I was informed of said happy place when we moved into the house. Combining two households was a nightmare. We had a mix match of stuff and it didn’t blend. A week after we moved in, I threw my hands up and took her shopping. I told her that for seven days the kids and I had listened about how nothing matches and now she can have whatever she wants. She balked at first, saying she can go to her happy place and make it work. I didn’t know what that meant, but each day she was spending more and more time there and I’d had enough. She finally relented and bought a houseful of furniture. Now everything is new and ours – which I think was the problem from the get-go.
I kissed Katelyn for the first time in front of the kids on the day that we told them we were moving in together. I figured it was a good time. It was much easier than I thought it would be – kissing her. She gathered them in her living room and told them we had some news. Elle asked if she was going to be a princess again, referring to her stint as Josie’s flower girl. Peyton didn’t say anything. But Quinn, he looked at me and smiled. He knew. I cupped Katelyn’s face and planted one square on her lips.
I wasn’t sure what Quinn would think, but he, along with the girls, said it was going to be cool since they spent most of their time together anyway. Peyton asked if she and I would still practice together, and I told her nothing would change, except I’d be around more. The kids seemed to like that idea.
I look over at the design taking shape on her side. The impure thoughts are rampant. I can’t wait to lick, kiss and nip every square inch of her body. When she asked me what I thought about her getting a tattoo, I showed her. Words didn’t even come close to describing what I thought. We played a little game that night – it was ‘let Harrison find the location of the tattoo’ – each time I thought I was close, she’d tell me I wasn’t and I had to start all over again. I loved that game.
“How does it look?”
“Sexy.”
She pushes me in the shoulder. “It doesn’t look sexy. I looked up the procedure online. I’m sure it’s red and gross looking.”
I lean in and whisper, “Baby, nothing on you is gross looking.”
She snuggles into my neck and places small kisses there. I refuse to move, relishing in the attention. There are two sides of Katelyn. I learned this as well after we started living together.
There’s the mom side. That Katelyn is on her game. She’s making breakfast for five, packing three lunches, checking homework, doing all our laundry and making dinner. She dresses in tight ass yoga pants and has her hair piled on top of her head. Believe it or not, this is my dirty girl Katelyn. This is my, come-home-at-lunch–for-a-quickie, Katelyn.
Then there’s the shy, reserved Katelyn. That’s what I have now. She wants to be held and caressed and will show affection, as long as it’s hidden from everyone else. She’s not afraid to let it be known that I’m hers though, but it takes some good goading for her to be flashy about our relationship. This is the Katelyn that I get at night when we’re all sitting around watching TV. She’ll curl up in a chair or I’ll come home to find all three kids piled around her.
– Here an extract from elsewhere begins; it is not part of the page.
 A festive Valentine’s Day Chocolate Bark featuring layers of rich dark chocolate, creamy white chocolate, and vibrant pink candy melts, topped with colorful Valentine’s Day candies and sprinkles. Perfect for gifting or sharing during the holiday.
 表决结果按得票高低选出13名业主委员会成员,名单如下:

The first time I saw her and Quinn sitting together, I thought I was going to lose my shit. I almost broke down and cried like a baby. She treats him as her own and that is more than I could ask for.
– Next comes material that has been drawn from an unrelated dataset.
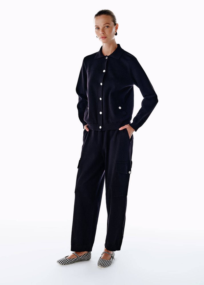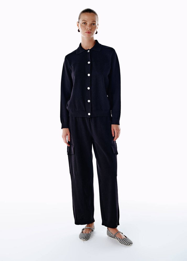 BLACK KNIT CARGO PANTS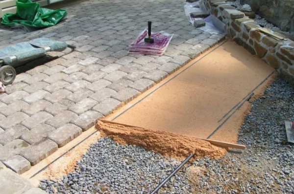 Изображение 3. Укладка брусчатки довольно простой процесс, поэтому все можно выполнить самостоятельно.

“You’re done,” the artist says.
Katelyn bends to look. She gasps and covers her mouth. “It’s beautiful.”
“I told you,” I say, kissing her temple.
He covers it and gives her the instructions that I have memorized. When she hops down from the table, I pull her to me. I kiss her once and move aside, taking my shirt off as I do.
“What are you doing?” she asks.
“It’s my turn.” I jump up on the table just as the artist returns with my sketch.
“Where?” he asks.
I point to my chest and he nods.
“What are you getting?”
“You’ll see.”
I lay back, putting my arms behind my head. I’m grinning from ear to ear when he sets the paper down and peels it back.
“Harrison?” Her voice is soft and wavering.
I pull my hand out from behind my head and reach for her. She comes to me, allowing me to hold her. I watch her the entire time, never flinching or needing to look that he’s doing it right, I know he is.
Mine is done quickly. He bandages it up and sends us on our way. I don’t ask if she wants to go home or if she has other plans. I need to go home. There are three people waiting for us and I have something to show them.
As soon as we pull into the driveway, Jenna is walking out. She looks tired, run down.
“What’s wrong?” Katelyn asks her. Katelyn puts her hands on Jenna’s shoulder to hold her still.
“I think I have the flu. I’m sorry if I got the kids sick.”
“It’s okay,” Katelyn says, walking Jenna to her car. I wait for Katelyn at the bottom step and make faces at Peyton who is staring at me through the picture window.
“I hope she’s not sick,” Katelyn says, meeting me at the step.
“I hope not either. She’s been acting so weird since the wedding, though. I don’t know, but something’s off. Did she meet someone there? You know, maybe had a bad one-night stand?”
Katelyn shakes her head. “I don’t think so. Heck, the last time I heard her talk about a guy was when she kept talking about you when I had a sleepover. She kept asking me if she could ask you out.”